Adaptively Clustering-Driven Learning for Visual Relationship Detection

Visual relationship detection aims to describe the interactions between pairs of objects, such as person-ride-bike and bike-next to-car triplets. In reality, it is often the case that there exist some groups of strongly correlated relationships, while others are weakly related. Intuitively, the common relationships can be roughly categorized into several types such as geometric (e.g., next to), action (e.g., ride), and so on. However, previous studies ignore the relatedness discovery among multiple relationships, which only lie on a unified space to leverage visual features or statistical dependencies into categories. To tackle this problem, we propose an adaptively clustering-driven network for visual relationship detection, which can implicitly divide the unified relationship space into several subspaces with specific characteristics.
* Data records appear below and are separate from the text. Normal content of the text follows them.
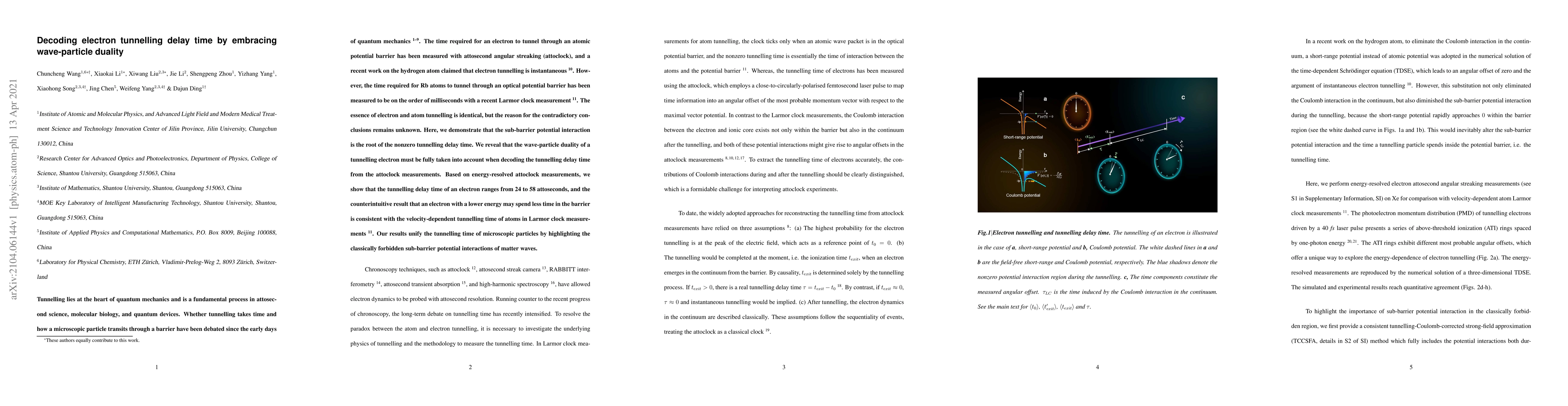 This paper investigates the electron tunnelling delay time, revealing that it ranges from 24 to 58 attoseconds, and emphasizes the necessity of considering wave-particle duality in attosecond measurements. It reconciles previous contradictory findings by attributing the delay to sub-barrier potential interactions, thus unifying the understanding of tunnelling times across different particles.
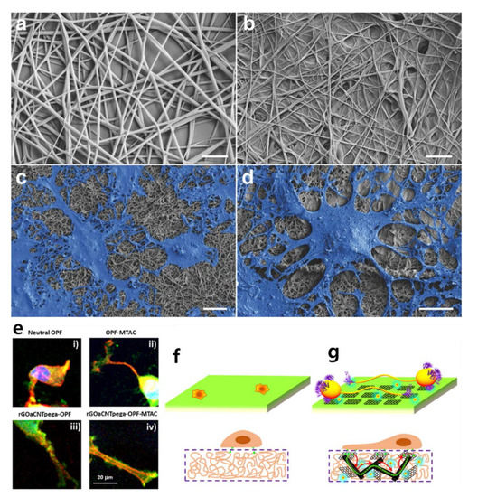 Scanning electron microscopy images of (a) polycaprolactone (PCL) nanofibers, (b) PCL nanofibers coated with graphene oxide (GO), (c) differentiated neural stem cells (NSCs) on PCL nanofibers, and (d) differentiated cells on graphene–nanofiber hybrid scaffolds. Scale bars: 2 μm. (e) Focal adhesion development in PC12 cells on four types of substrate. Schematic illustration of cellular behavior on (f) neutral OPF hydrogel and (g) reduced graphene oxide acrylate (rGOa)CNTpega-oligo (poly(ethylene glycol) fumarate) (OPF)-2-(methacryloyloxy)ethyltrimethylammonium chloride (MTAC) hydrogel. (a–d) The reprint of this figure from [69] is permitted by John Wiley and Sons. (e–g) The reprint of this figure from [77] is permitted by the American Chemical Society.
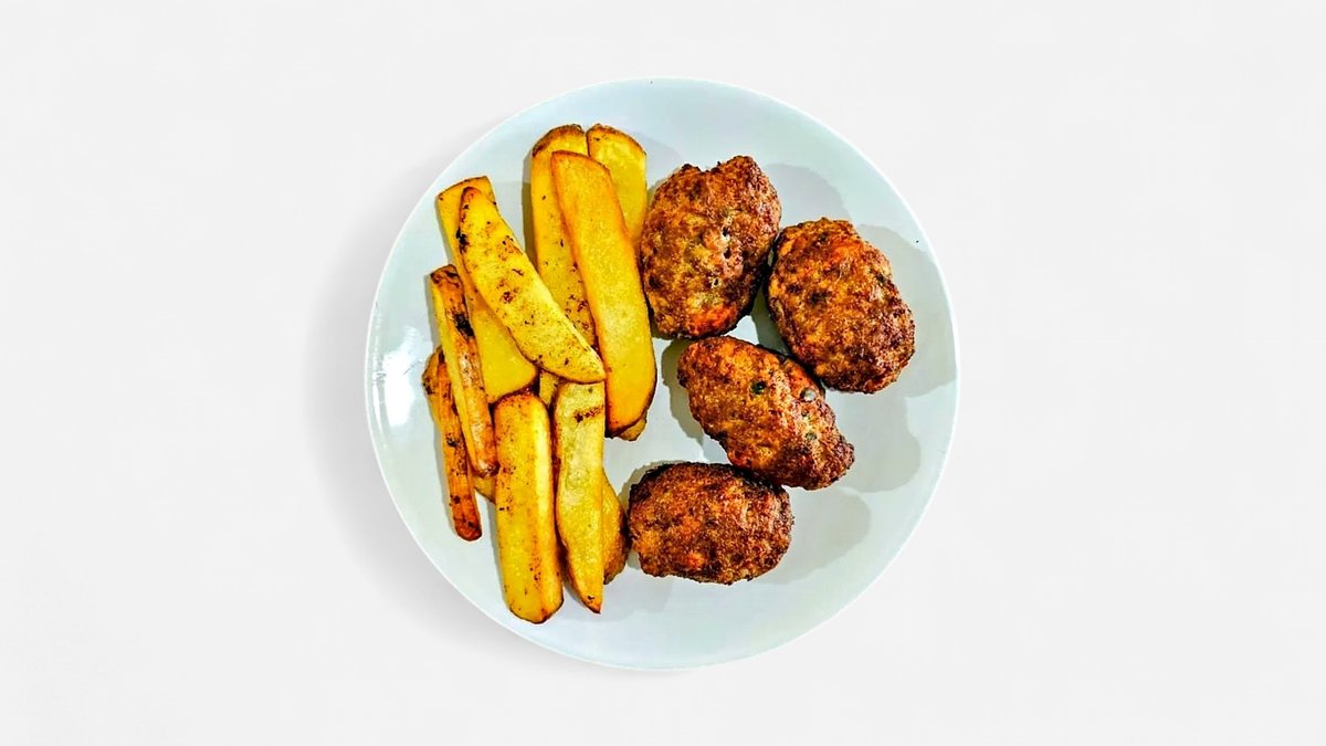 3 τεμάχια. Με πατάτες, ζυμαράκι, ντομάτα, σως και κρεμμύδι
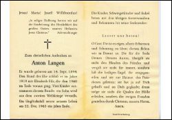 Tod durch Unglücksfall; ∞ 1919 Elisabeth Filz, † 1960; 4 K.; 1 Sohn im 2. Weltkrieg vermisst; Druck in Bedburg/Erft |
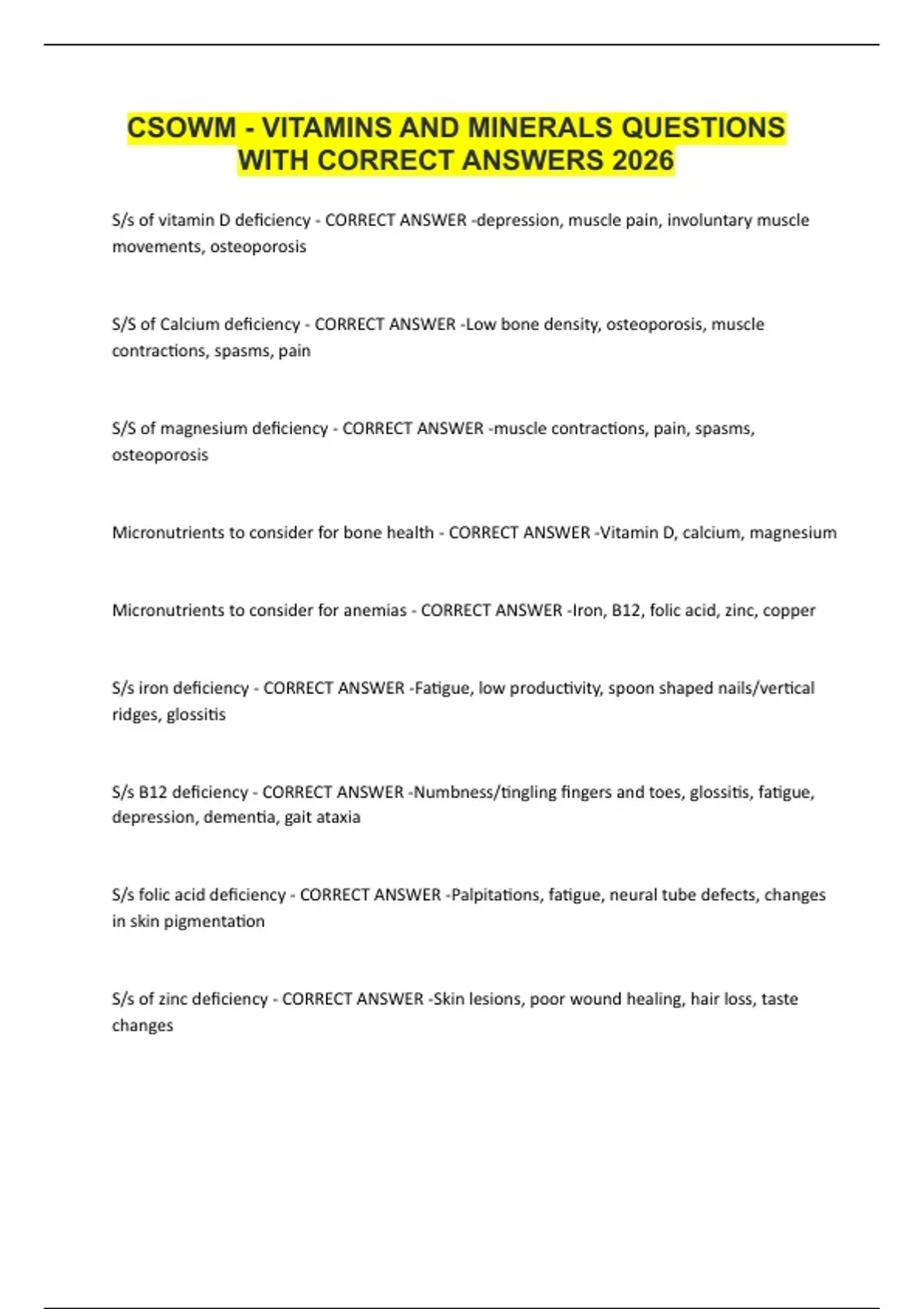 CSOWM - VITAMINS AND MINERALS QUESTIONS

Particularly, we propose two novel modules to discover the common distribution space and latent relationship association, respectively, which map pairs of object features into translation subspaces to induce the discriminative relationship clustering. Then, a fused inference is designed to integrate the group-induced representations with the language prior to facilitate the predicate inference. Especially, we design the Frobenius-norm regularization to boost the clustering. To the best of our knowledge, the proposed method is the first supervised framework to realize subject-predicate-object relationship-aware clustering for visual relationship detection. Extensive experiments show that the proposed method can achieve competing performances against the state-of-the-art methods on the Visual Genome dataset. Additional ablation studies further validate its effectiveness.